**PROBLEM STATEMENT:**
Print the material below exactly as it stands, please, from its first line to the line holding "Salonowa lampa z", with no pictures.

**RECORDED INFORMATION:**
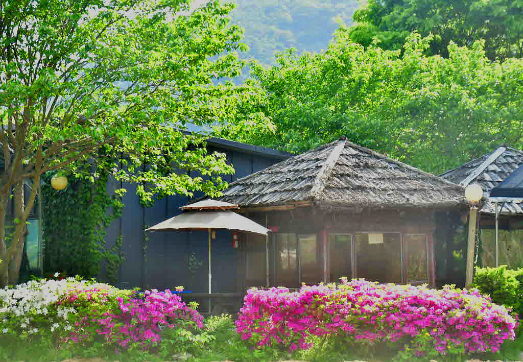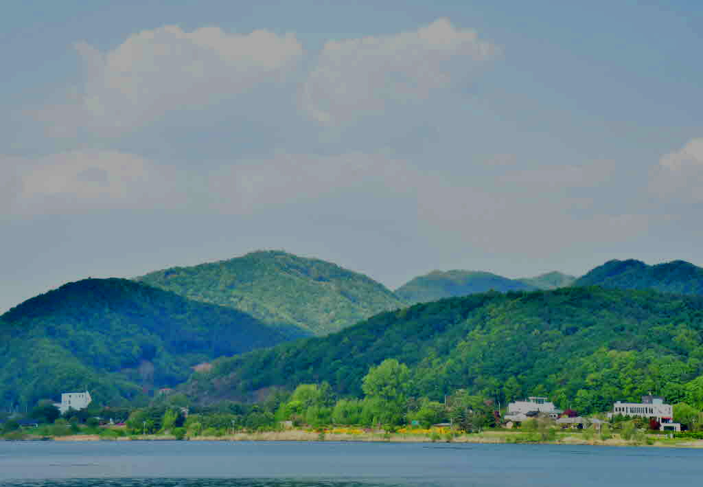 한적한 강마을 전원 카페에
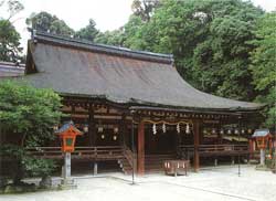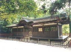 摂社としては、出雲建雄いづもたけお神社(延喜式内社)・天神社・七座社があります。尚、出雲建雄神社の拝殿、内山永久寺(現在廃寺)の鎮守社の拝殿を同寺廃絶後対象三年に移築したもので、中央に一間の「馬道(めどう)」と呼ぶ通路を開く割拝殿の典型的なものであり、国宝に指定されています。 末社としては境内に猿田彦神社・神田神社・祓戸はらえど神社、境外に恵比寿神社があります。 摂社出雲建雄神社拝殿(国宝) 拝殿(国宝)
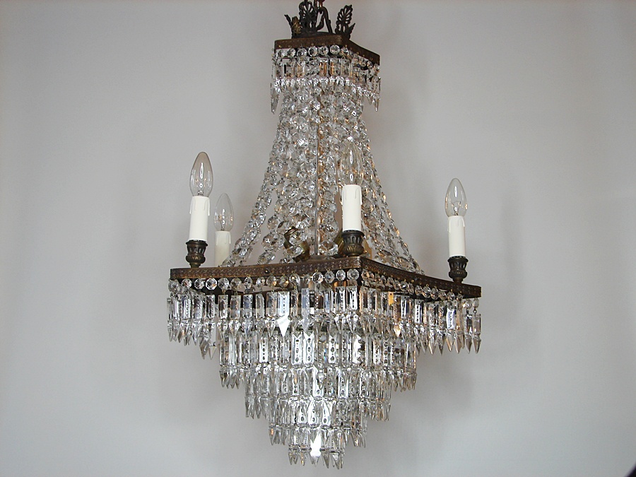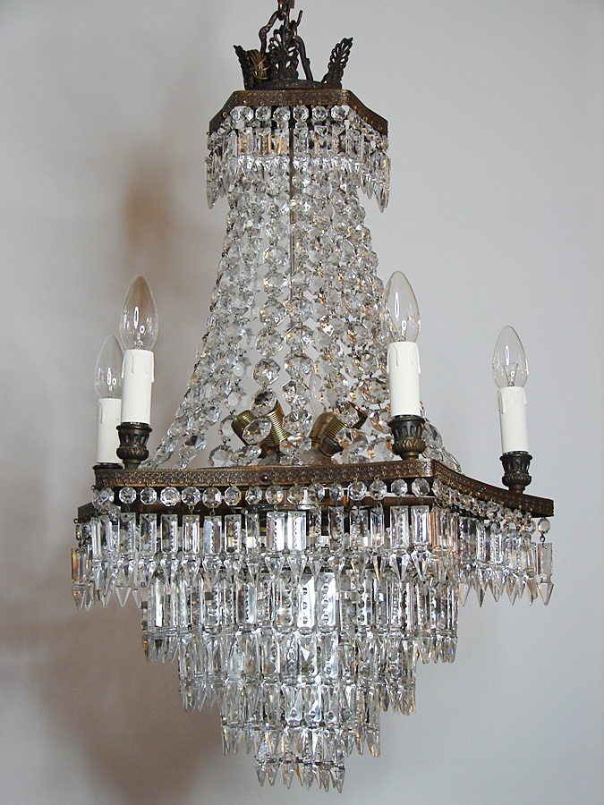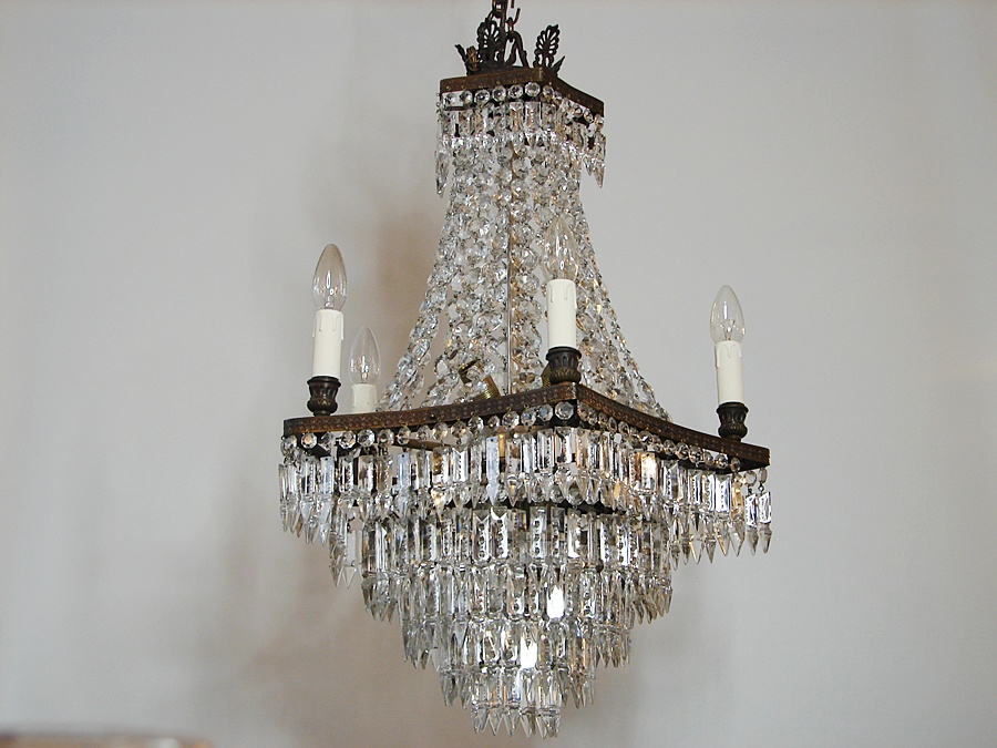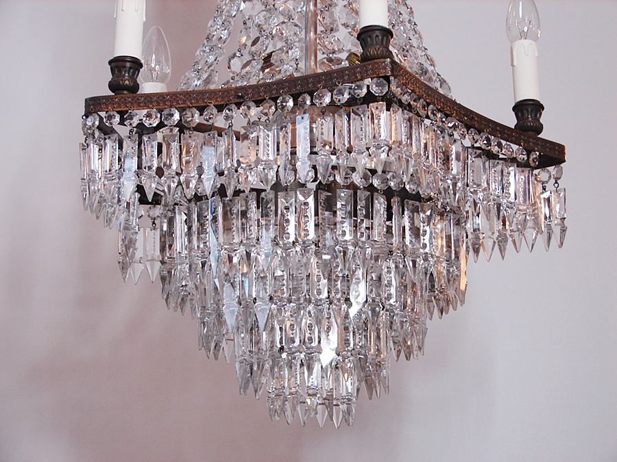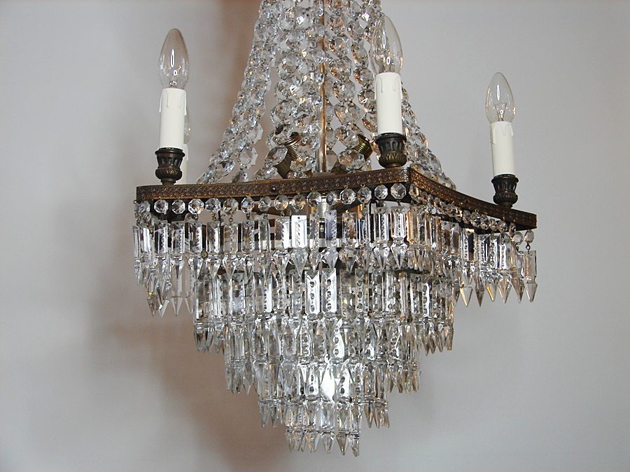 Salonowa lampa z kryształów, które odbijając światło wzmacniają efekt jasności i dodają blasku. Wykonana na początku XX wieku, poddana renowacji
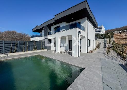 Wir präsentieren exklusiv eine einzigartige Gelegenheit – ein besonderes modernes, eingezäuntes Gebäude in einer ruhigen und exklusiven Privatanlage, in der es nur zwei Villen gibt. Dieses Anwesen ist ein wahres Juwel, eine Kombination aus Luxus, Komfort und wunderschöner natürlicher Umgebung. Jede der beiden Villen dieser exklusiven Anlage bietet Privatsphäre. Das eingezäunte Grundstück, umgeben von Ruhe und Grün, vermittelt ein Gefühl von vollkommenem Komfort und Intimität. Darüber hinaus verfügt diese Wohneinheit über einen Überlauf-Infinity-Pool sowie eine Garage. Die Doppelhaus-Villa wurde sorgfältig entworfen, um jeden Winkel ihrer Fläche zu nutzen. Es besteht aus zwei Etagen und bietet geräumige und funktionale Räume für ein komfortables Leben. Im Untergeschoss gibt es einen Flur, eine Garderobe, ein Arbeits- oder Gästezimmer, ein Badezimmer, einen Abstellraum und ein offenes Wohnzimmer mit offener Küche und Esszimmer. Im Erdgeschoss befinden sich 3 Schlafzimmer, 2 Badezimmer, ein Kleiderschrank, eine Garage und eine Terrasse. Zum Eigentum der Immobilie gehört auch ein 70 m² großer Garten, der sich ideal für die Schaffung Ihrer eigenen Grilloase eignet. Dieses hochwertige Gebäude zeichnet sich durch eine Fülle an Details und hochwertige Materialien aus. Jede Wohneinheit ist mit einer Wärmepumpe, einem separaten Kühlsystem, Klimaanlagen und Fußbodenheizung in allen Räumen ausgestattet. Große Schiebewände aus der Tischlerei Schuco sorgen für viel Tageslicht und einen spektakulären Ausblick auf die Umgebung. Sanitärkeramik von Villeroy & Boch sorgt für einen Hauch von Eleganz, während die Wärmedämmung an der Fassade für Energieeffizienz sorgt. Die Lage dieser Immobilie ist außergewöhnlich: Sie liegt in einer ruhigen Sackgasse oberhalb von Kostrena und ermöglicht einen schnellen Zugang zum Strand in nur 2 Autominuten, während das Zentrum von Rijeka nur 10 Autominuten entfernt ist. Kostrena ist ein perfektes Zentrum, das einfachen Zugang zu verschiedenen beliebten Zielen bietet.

**WRITTEN SOLUTION:**
 한적한 강마을 전원 카페에
 摂社としては、出雲建雄いづもたけお神社(延喜式内社)・天神社・七座社があります。尚、出雲建雄神社の拝殿、内山永久寺(現在廃寺)の鎮守社の拝殿を同寺廃絶後対象三年に移築したもので、中央に一間の「馬道(めどう)」と呼ぶ通路を開く割拝殿の典型的なものであり、国宝に指定されています。 末社としては境内に猿田彦神社・神田神社・祓戸はらえど神社、境外に恵比寿神社があります。 摂社出雲建雄神社拝殿(国宝) 拝殿(国宝)
 Salonowa lampa z kryształów, które odbijając światło wzmacniają efekt jasności i dodają blasku. Wykonana na początku XX wieku, poddana renowacji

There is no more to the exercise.